19 years after breaking his pipe, the memory of Ousmane Sembène remains June 9, 2026
Born on January 1, 1923 in Ziguinchor and died on June 9, 2007 in Dakar, Ousmane Sembène remains one of the most influential intellectual figures. Writer, filmmaker, screenwriter and activist, he is widely considered the “father of African cinema” for having contributed to the emergence of independent, committed film production anchored in the realities of the continent.
Coming from a modest background of fishermen in Casamance, Ousmane Sembène knew the realities of manual work very early on. After having worked in several professions in Dakar, notably as a mason and mechanic, he was mobilized in the French army during the Second World War. Demobilized, he moved to Marseille where he worked as a dockworker and became involved in trade unionism. This working experience will deeply nourish his literary and cinematographic work.
It is through literature that he enters the world of creation. His first novel, Le Docker noir (1956), was directly inspired by his life in France. He then continued with several major works, including O Country, My Beautiful People! (1957) and especially Les Bouts de bois de Dieu (1960), considered a classic of French-speaking African literature. Through his novels, he denounces colonial injustices, social inequalities and the mechanisms of oppression that affect African populations.
Aware, however, that books reach a limited audience in an Africa still strongly marked by illiteracy, Sembène turned to cinema at the beginning of the 1960s. Trained in Moscow, in 1963 he directed Borom Sarret, often presented as one of the first postcolonial African films. Three years later, La Noire de… (1966) brought him international recognition. This feature film, which tells the tragic story of a young Senegalese woman employed by a French family, is considered the first major film directed by a sub-Saharan African.
Lover of the seventh art
Throughout his career, he used cinema as a tool of popular education and social criticism. With Mandabi (1968), shot in Wolof, he broke with the domination of French on the screen and affirmed the importance of African languages in cultural creation. His films Xala (1975), Ceddo (1977), Camp de Thiaroye (1988) and Guelwaar (1993) question the excesses of post-independence elites, power relations, religion, colonial memory and the contradictions of African societies. Several of his works have also been censored in Senegal because of their critical impact.

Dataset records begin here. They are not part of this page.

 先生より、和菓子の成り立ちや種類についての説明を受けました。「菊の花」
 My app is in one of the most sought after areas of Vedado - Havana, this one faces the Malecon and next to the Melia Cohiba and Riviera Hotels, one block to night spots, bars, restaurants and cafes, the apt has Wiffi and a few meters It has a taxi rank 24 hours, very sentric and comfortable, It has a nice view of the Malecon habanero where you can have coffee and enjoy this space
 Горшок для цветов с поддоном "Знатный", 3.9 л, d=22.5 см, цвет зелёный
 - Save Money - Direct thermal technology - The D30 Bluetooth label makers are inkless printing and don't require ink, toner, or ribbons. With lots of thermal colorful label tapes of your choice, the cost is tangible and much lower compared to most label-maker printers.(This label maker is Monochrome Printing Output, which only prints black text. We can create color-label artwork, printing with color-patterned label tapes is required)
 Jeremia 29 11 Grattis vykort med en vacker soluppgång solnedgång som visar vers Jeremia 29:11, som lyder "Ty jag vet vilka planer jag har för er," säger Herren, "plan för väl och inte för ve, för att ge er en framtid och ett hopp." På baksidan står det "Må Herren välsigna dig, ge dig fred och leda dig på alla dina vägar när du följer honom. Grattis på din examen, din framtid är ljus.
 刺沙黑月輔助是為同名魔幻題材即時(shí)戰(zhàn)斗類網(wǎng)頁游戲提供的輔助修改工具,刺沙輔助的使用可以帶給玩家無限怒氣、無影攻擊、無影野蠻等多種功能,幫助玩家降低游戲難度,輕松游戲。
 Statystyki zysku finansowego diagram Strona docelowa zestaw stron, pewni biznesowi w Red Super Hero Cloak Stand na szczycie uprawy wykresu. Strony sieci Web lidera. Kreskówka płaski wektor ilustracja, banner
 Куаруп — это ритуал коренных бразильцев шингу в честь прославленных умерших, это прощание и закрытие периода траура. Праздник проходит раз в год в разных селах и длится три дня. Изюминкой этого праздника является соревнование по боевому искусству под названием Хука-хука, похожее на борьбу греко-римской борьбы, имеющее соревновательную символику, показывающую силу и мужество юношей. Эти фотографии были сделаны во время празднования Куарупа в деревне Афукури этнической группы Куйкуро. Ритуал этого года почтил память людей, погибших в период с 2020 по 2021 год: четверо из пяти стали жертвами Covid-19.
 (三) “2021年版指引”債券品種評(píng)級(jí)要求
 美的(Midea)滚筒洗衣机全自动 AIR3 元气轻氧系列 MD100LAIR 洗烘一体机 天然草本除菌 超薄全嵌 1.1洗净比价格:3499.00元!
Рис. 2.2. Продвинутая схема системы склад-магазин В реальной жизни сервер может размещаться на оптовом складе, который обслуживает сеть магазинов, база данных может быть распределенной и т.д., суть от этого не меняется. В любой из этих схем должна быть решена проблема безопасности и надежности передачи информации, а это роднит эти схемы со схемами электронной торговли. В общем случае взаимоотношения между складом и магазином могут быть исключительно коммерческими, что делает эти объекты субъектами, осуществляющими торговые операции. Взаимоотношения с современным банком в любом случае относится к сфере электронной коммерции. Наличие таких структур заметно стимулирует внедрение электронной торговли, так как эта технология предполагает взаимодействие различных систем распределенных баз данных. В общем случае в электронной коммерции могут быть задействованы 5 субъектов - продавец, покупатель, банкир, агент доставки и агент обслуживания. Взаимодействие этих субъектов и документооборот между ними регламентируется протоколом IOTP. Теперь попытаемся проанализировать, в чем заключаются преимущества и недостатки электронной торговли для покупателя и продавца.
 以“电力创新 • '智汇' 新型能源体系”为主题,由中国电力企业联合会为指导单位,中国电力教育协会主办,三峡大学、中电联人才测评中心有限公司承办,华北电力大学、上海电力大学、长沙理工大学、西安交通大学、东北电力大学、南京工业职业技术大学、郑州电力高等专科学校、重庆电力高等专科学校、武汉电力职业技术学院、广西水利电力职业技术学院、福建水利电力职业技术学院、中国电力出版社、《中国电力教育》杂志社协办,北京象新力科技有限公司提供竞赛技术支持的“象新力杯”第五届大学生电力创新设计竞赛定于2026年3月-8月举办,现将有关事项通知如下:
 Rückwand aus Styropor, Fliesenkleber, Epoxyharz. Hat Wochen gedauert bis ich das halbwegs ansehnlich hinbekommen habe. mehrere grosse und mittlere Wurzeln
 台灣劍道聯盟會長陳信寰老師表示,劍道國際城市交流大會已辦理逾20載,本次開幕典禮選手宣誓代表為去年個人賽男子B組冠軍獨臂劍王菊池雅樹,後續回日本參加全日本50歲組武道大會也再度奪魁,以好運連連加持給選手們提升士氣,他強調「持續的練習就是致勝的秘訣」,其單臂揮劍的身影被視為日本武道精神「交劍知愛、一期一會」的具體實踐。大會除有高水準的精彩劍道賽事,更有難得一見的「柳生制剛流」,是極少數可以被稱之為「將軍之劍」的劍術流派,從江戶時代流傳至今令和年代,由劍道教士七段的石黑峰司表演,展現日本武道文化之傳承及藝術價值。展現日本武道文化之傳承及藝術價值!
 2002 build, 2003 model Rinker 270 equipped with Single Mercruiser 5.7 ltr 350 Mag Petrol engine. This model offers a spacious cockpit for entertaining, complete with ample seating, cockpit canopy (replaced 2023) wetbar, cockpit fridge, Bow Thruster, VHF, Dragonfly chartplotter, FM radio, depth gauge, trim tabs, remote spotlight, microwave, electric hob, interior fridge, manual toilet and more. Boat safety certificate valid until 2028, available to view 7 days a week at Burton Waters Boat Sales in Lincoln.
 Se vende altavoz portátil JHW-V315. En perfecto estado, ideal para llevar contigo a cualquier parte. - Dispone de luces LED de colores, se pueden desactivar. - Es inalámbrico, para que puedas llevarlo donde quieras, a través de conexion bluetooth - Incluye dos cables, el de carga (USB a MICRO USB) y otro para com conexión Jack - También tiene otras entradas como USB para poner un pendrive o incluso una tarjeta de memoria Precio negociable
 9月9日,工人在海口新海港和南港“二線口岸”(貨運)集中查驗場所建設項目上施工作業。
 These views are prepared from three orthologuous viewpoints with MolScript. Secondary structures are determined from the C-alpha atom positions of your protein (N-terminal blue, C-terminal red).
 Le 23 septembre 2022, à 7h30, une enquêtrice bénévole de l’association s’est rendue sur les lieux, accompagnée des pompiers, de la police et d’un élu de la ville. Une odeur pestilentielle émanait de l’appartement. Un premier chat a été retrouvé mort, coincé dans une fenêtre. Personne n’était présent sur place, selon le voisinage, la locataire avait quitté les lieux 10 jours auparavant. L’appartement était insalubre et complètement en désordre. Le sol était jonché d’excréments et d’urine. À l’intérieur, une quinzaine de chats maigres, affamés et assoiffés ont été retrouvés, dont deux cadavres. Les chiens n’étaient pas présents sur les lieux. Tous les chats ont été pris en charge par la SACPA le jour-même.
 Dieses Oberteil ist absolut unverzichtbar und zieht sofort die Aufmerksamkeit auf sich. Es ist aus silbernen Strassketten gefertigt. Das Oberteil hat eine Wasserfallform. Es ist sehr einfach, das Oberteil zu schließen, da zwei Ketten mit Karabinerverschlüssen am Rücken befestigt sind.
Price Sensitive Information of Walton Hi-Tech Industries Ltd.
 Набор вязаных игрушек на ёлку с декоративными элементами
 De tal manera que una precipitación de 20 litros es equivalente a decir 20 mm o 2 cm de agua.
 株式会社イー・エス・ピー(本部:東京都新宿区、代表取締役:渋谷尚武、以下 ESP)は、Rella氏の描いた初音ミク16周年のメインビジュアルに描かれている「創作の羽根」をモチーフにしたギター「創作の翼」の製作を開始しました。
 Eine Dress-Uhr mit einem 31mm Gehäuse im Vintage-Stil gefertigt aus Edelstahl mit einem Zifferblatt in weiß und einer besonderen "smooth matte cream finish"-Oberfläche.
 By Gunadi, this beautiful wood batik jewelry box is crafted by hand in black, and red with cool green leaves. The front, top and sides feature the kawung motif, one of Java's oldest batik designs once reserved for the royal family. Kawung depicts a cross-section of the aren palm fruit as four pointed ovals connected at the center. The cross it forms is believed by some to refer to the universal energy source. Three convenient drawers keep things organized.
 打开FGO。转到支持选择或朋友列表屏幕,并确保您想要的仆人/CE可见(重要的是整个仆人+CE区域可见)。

Among her most notable fights is also the defense of women’s rights. Her last great success, Moolaadé (2004), awarded at the Cannes Film Festival, denounces female genital mutilation and highlights women’s resistance to oppressive traditions.
Beyond his work, Ousmane Sembène has profoundly influenced several generations of African directors. Its ambition was to allow Africans to tell their story themselves, far from outside eyes and representations inherited from colonization. Even today, his legacy continues to inspire contemporary African cinema and debates on culture, memory and social justice.